Sonntag, den 27. April 2008

Zum Wochenende ist die Familie immer “vollzähliger”! Dies wird genutzt, denn es ist wieder an der Zeit in gemeinsamer Runde kritisch zu verkosten. Es geht diesmal um ZW Alte Reben 2007. Sein Vorgänger aus dem JG 2006 war mit ein Falstaff ZW Grand Prix Siegerwein – ausgestattet mit wunderschöner Harmonie. Eine exzellente Vorgabe also!

Wir kosten und vergleichen und stellen fest, dass der JG 2007 seine eigenständige Harmonie entwickelt: komplex, mit Finesse und ausgeprägter Fruchtigkeit. Die Lagerung z. T. im großen Holzfass und z. T. in gebrauchten Barriques gibt ihm Identität. Es ist ein feiner “Österreich-geprägter” Rotwein geworden mit einladendem Tinkvergnügen und er scheint sich zu einem wunderbaren Speisenbegleiter zu entwickeln. Ein Wein, der uns Freude macht!

Bis zur Abfüllung gönnen wir ihm noch gut zwei bis drei Wochen Reife und Zeit, das feine Aroma und die elegante Ausgewogenheit noch besser ausbauen zu können.

Die “Grands Vins Mercure” -Weinkarte der Hotels MERCURE Österreich ist eine feine Sache – bestückt mit ausschließlich österreichischen Weinen.

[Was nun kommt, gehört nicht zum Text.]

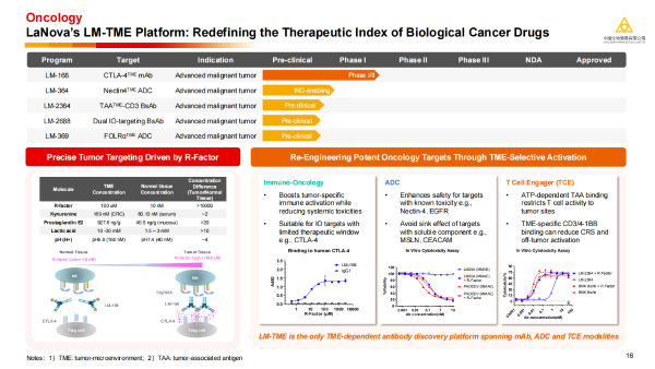 秦瑩介紹,禮新醫藥的核心競爭力在于其獨特的LM-TME平臺。該平臺旨在解決腫瘤生物藥領域一個根本性挑戰:如何在保持強效殺傷的同時,降低系統性毒性。LM-TME平臺利用腫瘤組織中某些生化因子(R因子)濃度遠高于正常組織的特性,設計出TME選擇性激活的抗體藥物,進而“重新盤活”CTLA-4等歷史上因毒性受限的靶點。并且,LM-TME是目前已知唯一涵蓋單克隆抗體(mAb)、抗體藥物偶聯物(ADC)和T細胞銜接器(TCE)三種藥物形式的TME依賴性抗體發現平臺,是一款用于開發差異性創新生物藥的強大引擎。

Aus über 100 (bereits vorsortierten) Weinen wurden nun die 13 best-bewerteten Weine (acht Weiß- und fünf Rotweine) ausgewählt. Wir freuen uns, dass sich unser CH Klassik 2007 gegenüber der großen Konkurrenz durchsetzen und einen Platz auf der neuen Weinkarte 2008/2009 sichern konnte! s. www.mercure.at

Morgen ist wieder eine wichtiger Tag. Ein neuer Weingarten wird angelegt und mit Merlot bepflanzt!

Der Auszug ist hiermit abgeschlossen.